PCNSL and GBM are malignant brain tumors that can lead to a poor outcome and prognosis if correct treatments are not achieved at the time of initial presentation (
4). PCNSL is very chemo- and radiosensitive, and surgical resection does not improve the outcome (
6). In contrast, the primary treatment for GBM is surgical resection followed by radio- and chemotherapy (
5,
7). Thus, correct diagnosis at initial presentation is crucial to choose the treatment (
8). No specific MRI features are reported to diagnose PCNSL (
9) and it is difficult to morphologically differentiate between PCNSL and GBM by MRI (
5). However, the current study showed that PCNSL had specific features and patterns on conventional MR images that differed from those of GBM and may be helpful to differentiate the two types of tumor.

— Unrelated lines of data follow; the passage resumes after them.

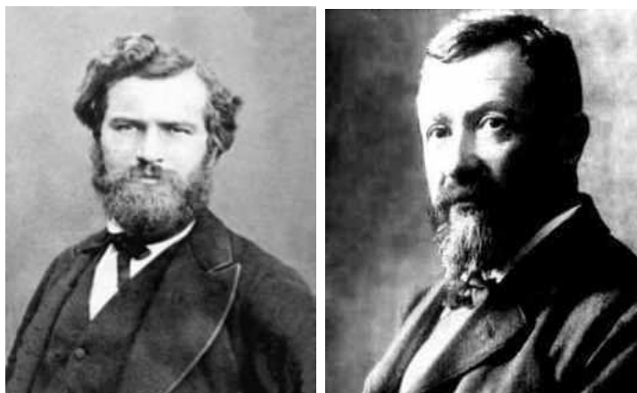
Figure 1.5: Camille Jordan (1838–1922) and Otto Hölder (1859–1937)

cannot be refined, so it must be a composition series. In particular G \simeq G/\{1\} is simple. This is also the only composition series for G and so all the assertions are true for length 1.
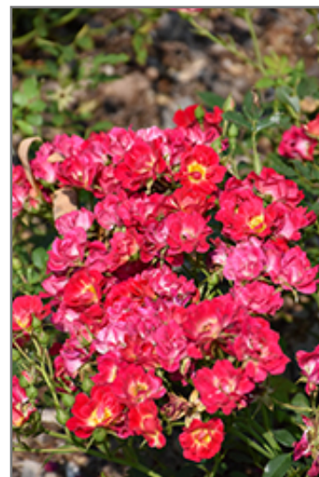
Pink Drift Rose flowers

Pink Drift Rose is recommended for the following landscape applications;
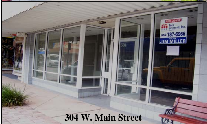
304 W. Main Street
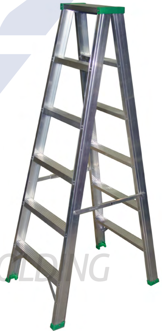
DOUBLE SIDED LADDER LOAD CAPACITY: 125 KG
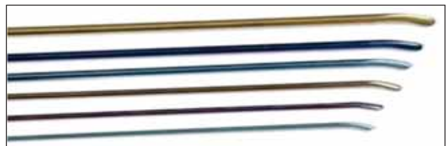
FIGURE 2. TEN, it is available in six diameter, 1.5 mm to 4 mm
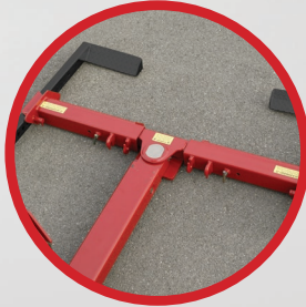
MANUAL L-ARM (OPTION)
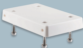
WATERSNAKE NYLON QUICK RELEASE PUCK PLATE KIT
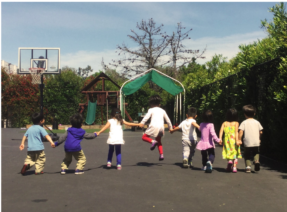
Mustard Seed Learning Center, where individuality takes place.

Our flag has 13 stripes, 13 stripes, 13 stripes, our flag has 13 stripes, in the U.S.A.
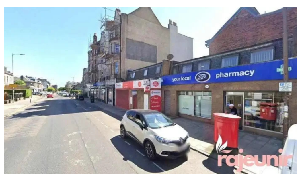
Boots pharmacy edinburgh
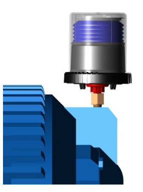
Step 3 – Screw the MEMOLUB® EM lubricator onto the plastic MEMO fitting.
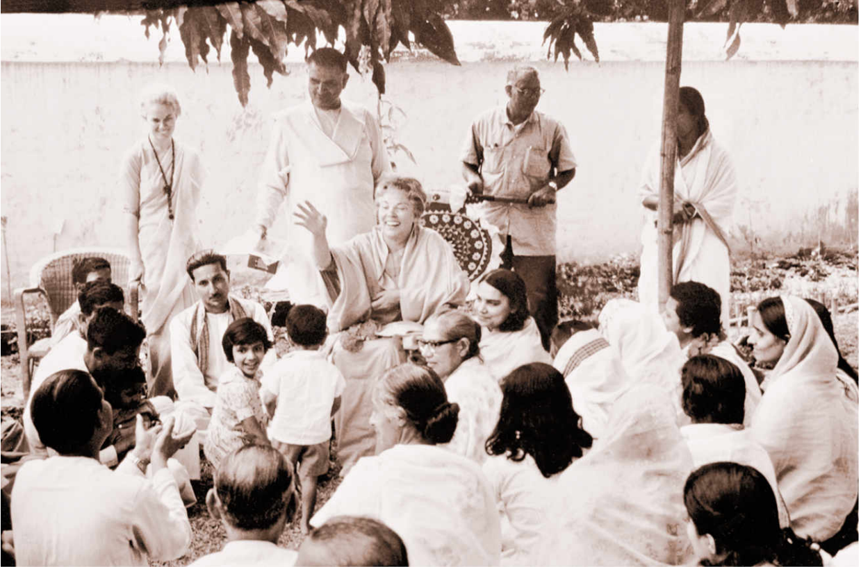
Following satsanga at Ranchi, 1968, Mataji playfully tosses wrapped candies to the assemblage

“Anyone who deeply loves God finds it very difficult to be solemn all the time. There is always a divine joy bubbling up from within.”
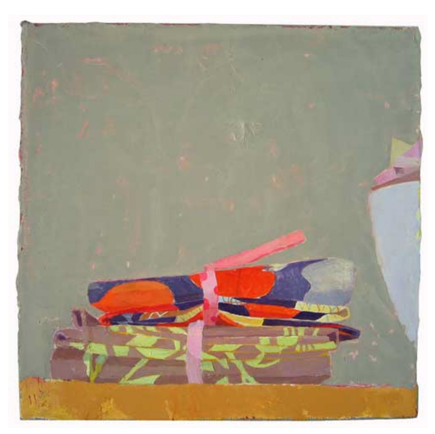
Still Life with Two Bundles, oil on linen, 2010

The mean age of patients with PCNSL at initial diagnosis was 51 ± 15 years, which was similar to those of previous reports (
10). There was no significant differences in gender ratio (P = 0.491) or mean age (P = 0.866) between the PCNSL and GBM groups. PCNSL lesions presented both in infra- and supratentorial regions, while GBM lesions were more likely to occur in supratentorial regions. However, this localization difference was not statistically significant (P = 0.513). The frontal lobe was the most common site affected by PCNSL and GBM. It is reported that 27% - 49% of PCNSLs are in the frontal lobe (
1,
10), and PCNSLs are more likely to occur in deep white matter, basal ganglia, and periventricular areas (
1,
10), consistent with the results of the current study.

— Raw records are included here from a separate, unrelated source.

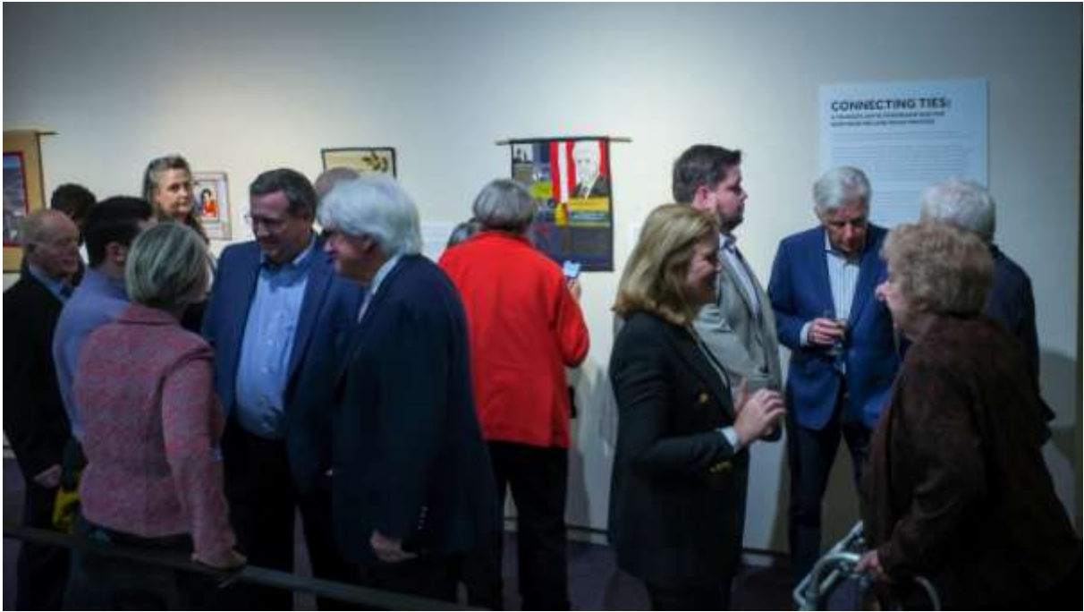
Conversations taking place, new connections developed, existing connections rekindled, against the backdrop of “Connecting Ties” exhibition.
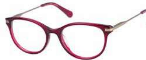
MARCIE - 162 Burgundy crystal / Rose gold
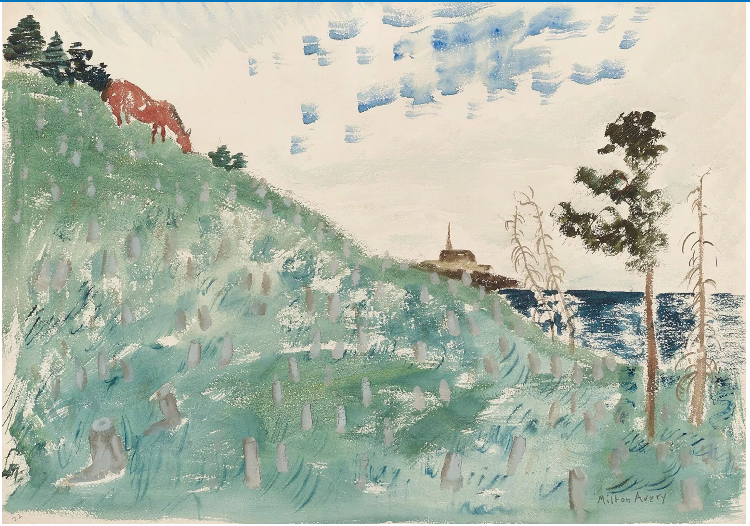
Grazer by the Sea , 1938, by Milton Avery
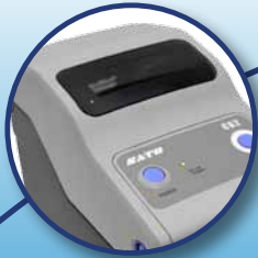
Anti-Microbial Casing (CG2 only)
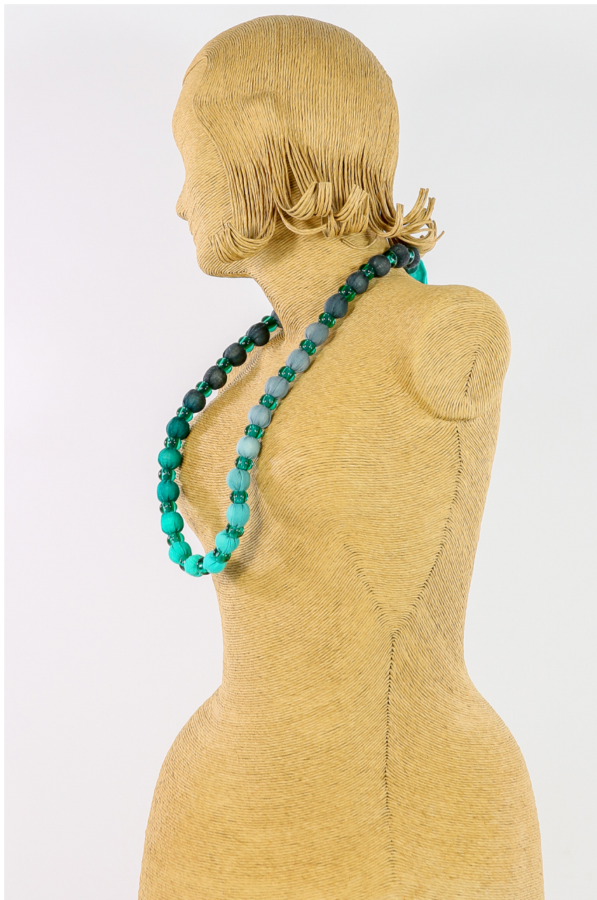
Collana lana bio

Although superficial lesions of PCNSL are common (
2), subcortical lesions are more frequent in GBM than PCNSL. Both PCNSL and GBM subcortical lesions can reach the surface of the brain, causing adjacent leptomeninges linear enhancement (
Figure 3F -
G). In the current study, leptomeningeal involvement abutting subcortical lesions was observed in five GBM cases and one PCNSL case. In addition, it was observed that some PCNSL subcortical lesions conformed to cortical morphology. The PCNSL subcortical lesions wrapped around the cortex, forming a crescent shape (
Figure 1G). This feature suggested pliable and infiltrative properties. None of the GBM lesions showed this feature.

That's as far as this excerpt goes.